Before his Kingfisher business empire went belly up, it’s why the global movers and shakers went Jai Ho and sat at the feet of billionaire Vijay Mallya, the one-time “Richard Branson of India”. Mallya was their great hope of tapping into the Bollywood market. Please.

Amongst the very real power brokers and investors are, of course, the shysters- and they’re everywhere with false Wikipedia back stories, laundry lists of credits and projects that can only be described as daft, but with the bravado to market themselves as something they’re not and able to get away with it- this “it” often being Ponzi schemes based on feeding off the greed and gullibility of the human condition.

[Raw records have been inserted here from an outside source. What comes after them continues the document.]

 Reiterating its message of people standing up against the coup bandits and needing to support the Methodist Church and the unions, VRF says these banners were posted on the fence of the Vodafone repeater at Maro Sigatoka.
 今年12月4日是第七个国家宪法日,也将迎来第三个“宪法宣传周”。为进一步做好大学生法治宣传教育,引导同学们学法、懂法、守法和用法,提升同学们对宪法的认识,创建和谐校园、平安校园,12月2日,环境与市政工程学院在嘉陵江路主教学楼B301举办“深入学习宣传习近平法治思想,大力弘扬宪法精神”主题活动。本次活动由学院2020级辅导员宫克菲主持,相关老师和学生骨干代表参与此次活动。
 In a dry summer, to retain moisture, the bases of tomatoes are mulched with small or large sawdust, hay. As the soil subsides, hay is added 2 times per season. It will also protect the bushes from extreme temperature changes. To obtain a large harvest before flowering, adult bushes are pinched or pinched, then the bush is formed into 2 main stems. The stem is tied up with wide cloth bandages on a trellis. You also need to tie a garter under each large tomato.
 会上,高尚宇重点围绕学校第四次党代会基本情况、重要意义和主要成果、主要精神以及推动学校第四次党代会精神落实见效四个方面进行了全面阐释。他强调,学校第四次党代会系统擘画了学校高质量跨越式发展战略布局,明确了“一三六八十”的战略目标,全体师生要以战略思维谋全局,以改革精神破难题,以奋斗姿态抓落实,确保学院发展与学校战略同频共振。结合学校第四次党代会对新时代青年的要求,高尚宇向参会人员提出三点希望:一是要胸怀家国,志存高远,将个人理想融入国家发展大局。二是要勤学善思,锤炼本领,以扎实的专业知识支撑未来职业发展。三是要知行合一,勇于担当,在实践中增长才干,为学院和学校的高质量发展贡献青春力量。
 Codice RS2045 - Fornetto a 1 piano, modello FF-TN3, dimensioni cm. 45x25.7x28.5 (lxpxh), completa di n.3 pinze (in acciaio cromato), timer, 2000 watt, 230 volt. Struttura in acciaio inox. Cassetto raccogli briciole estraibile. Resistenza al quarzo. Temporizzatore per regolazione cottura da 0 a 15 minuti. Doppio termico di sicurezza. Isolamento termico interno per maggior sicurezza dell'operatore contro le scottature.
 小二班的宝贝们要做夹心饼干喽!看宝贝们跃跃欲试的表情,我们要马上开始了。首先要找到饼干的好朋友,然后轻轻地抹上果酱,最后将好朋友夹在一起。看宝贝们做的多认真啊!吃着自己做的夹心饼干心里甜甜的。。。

When the net starts to close in on them, they make like Mandrake and disappear, only to resurface in places like Malta, the Philippines, Sri Lanka, Jakarta, Hanoi, Cambodia, islands off Greece- places where people are trusting, where they can peddle their stories to a star-struck media, and, ironically with some massive karma thrown in, the new stomping grounds for so-called investors, but without even birdseed money to their names. So, what you have is a global Viper Room of cheats, lies, deceit, and heaps of Sandra bollocks that more often than not ends in various threats of legal action, but with the bottom line being this: When you have nothing, you have nothing to lose and Monopoly money can’t even buy anyone squatters rights on Old Kent Road.

How have we reached this dead end- this place where the Art Of Bullshit is practiced everyday, and allowed to “bloom” and flourish despite knowing that, “No, you never discovered the Jackson 5″, “No, you were never Michael Jackson’s official choreographer”, “No, you don’t have offers from anywhere”, “No, you’re not making a movie with Marlon Brando because Marlon Brando is dead”, and, “Okay, maybe you were once one of the Temptations”.

How have we reached this point of no return and evil, vindictive Walter Mitty characters? It could be for a million reasons. Too busy doing not much to really care and fight for one’s art and make it as good as possible? Settling for good is enough and losing pride in the ownership of one’s work? Taking in too many strays without checking their credentials at the door and immediately turfing them out along with their history of excessive baggage? Being star-struck only to be disappointed when heroes let you down and turn out to be just like everybody else who’s used you- except for her who still warns you to beware of darkness and remains the only constant in your life.

And in the end, the love you make is equal to the love you take, so you better start repaying her what you took, and get back to where you belong. Get back to that happy place. And screw the rest.